Farm Bill: More for Millionaire Farmers, Less for Poor Kids

With high crop prices, high land prices and guaranteed business income thanks to federal crop insurance, farm businesses are doing very well, thank you very much. The Bloomberg news service reports that during this Great Recession, farm earnings in Iowa and across the U.S. increased eight times faster than non-farm wages from 2008 to 2011. Actually, farm businesses have been doing nicely even longer than that. Farm household income has exceeded average household income every year since 1996.

Said the Bloomberg report:

Land that had long produced boxcars full of corn and soybeans is now yielding a new crop: locally grown millionaires.
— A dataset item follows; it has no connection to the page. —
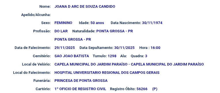 No dia em que completaria 51 anos, Joana Darc de Souza Candido, será sepultada após não resistir a duas paradas cardiorrespiratórias. A vítima estava internada na Unidade de Terapia Intensiva (UTI) do Hospital Universitário Regional dos Campos Gerais.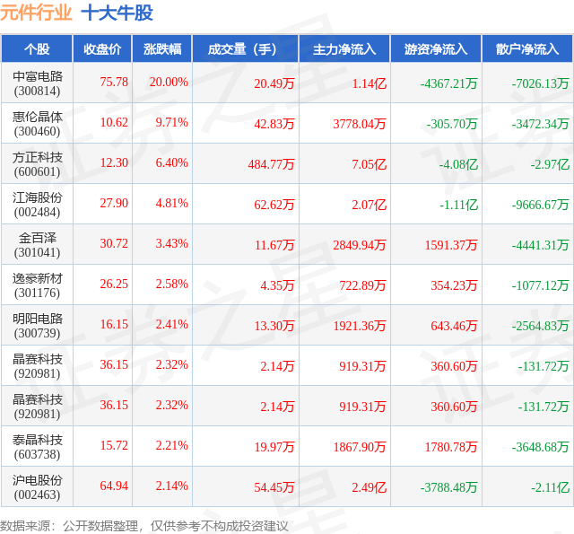 个股表现方面,元件行业当日领涨股为中富电路(300814),该股当日报收75.78,上涨20.0%,成交量20.49万,主力资金净流入1.14亿元。惠伦晶体(300460)以上涨9.71%紧随其后,该股当日成交量42.83万,主力资金净流入3778.04万元。除此之外,方正科技(600601)、江海股份(002484)、金百泽(301041)均进入当日牛股之列。具体个股列表见下表:

In doing so, it has brought to the nation’s rural areas the kind of income divide that had long been the province of urban America.

This is the story of a farm sale near Sheldon, Iowa, about 3 1/2 hours northwest of my office in Ames.  The farm of just 341 acres, very small by Iowa standards, sold in July heat for a record $14,300 an acre, grossing the owners $4.5 million.  A more typical size commercial farm of 1,000 acres, selling only at last year’s average price of $6,708 per acre, is going to gross the owner $6.7 million.

Meanwhile, the recession has taken a toll on the less fortunate. Food stamp demand in Iowa grew by 6 percent last year – twice the 2.9 percent nationwide increase, according to Bloomberg.

In spite of the white-hot farm economy that is making multi-millionaires of even small farm businesses, the House of Representatives will reportedly soon consider a farm bill that cuts food stamps by $16 billion while spending $36 billion more on a new generation of farm subsidies, most of which will flow to newly minted farm millionaires around the country.

Congress should say no to the terribly flawed farm bill written by the House Agriculture Committee. The committee’s bill short-changes struggling families, hungry kids and the environment in order to feed the farm subsidy lobby’s insatiable demand for more cash from taxpayers.

We need a farm bill that creates a fiscally responsible safety net that helps only those farmers who really need a hand, ensures that children don’t go to bed hungry, cleans up our environment, and produces healthy food to stem the epidemic of diet-related disease that threatens to bankrupt our health care system. The farm bill the House is about to consider takes us in the opposite direction.